I make stuffed animals and similar sundries, and routinely attend craft fairs during the holiday season. For the past few years, I limited myself to a single show that a friend's family holds. This year, I was organized enough to set up three for myself. At the show I previously attended, I generally made around $150 each time. At each of the three shows I attended this year, I made around $60, excluding the dents my friends and I made for lunch and coffee and the down payment on the space. More people than ever before have picked up my things, commented on how cute they are, claimed that my prices are extremely reasonable, then dropped them and disappeared into the crowd. I started an online store in the hopes of avoiding this, but from the looks of things, the habits are rampant on the internet as well.
I am fully aware that this is some sort of cosmic retribution, and that I've had it coming to me for well over eighteen years, but I still get overly excited about the fact that people enjoy seeing what I enjoy doing. For the first few hours of each show, this is enough to hold me over, but as time wears on, it gets awfully annoying.

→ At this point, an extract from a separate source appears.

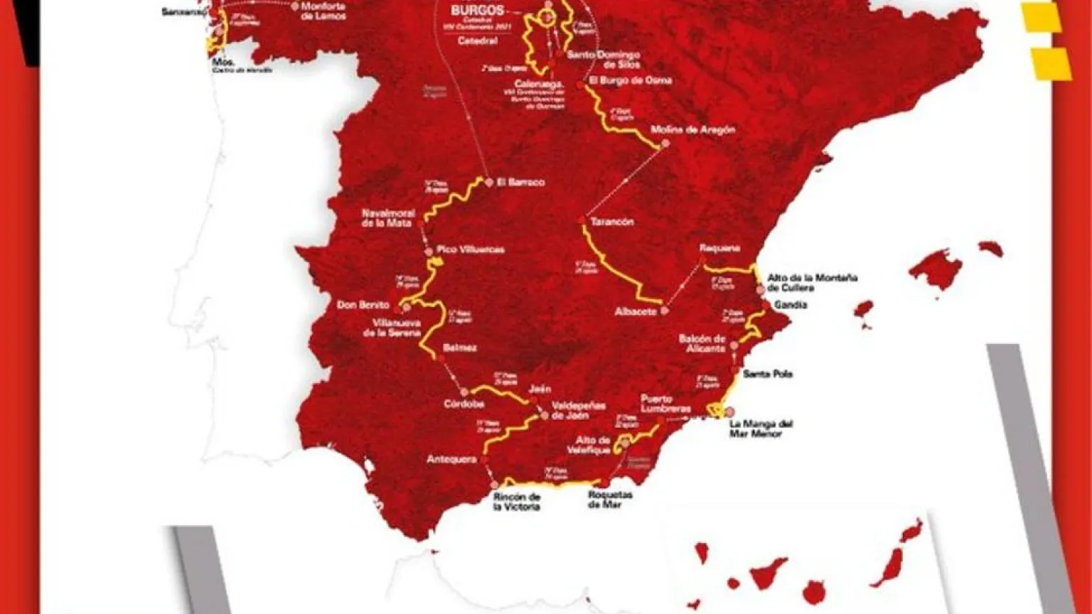 Entre los monumentos 21 jornadas que sumarán un total de 3.336 kilómetros, donde la montaña, los finales con alicientes próximos a meta y los puertos inéditos seguirán marcando la filosofía de la Vuelta, en busca de la innovación y el espectáculo deportivo hasta el último kilómetro.

Now that I am aware of how it feels, I have vowed to break this habit in my own life. I don't want to be seen as materialistic, and I do put a lot of consideration into where and how I spend my money. I am teaching myself how to rapidly think on my feet. This has never been my strong suit, but it seems to be the only method of survival in the cutthroat world of marketing I currently find myself in. I also think it is one of those qualities that eddies over into other aspects of life.
So far, focusing on the positive and negative qualities of each thing I am tempted to handle, and measuring how much more I'll enjoy having it for my own, has led me to be a much more assertive person, a quality I think it's safe to say I've never had before. My newly found spine has helped me in countless ways in pursuing my artistic talents; I intend to be a director in addition to continuing my stuffed creatures, and I no longer have qualms about whether something is "good enough" anymore. I don't believe in "good enough" anymore. For me, it must be truly the best, or I won't buy it by any definition.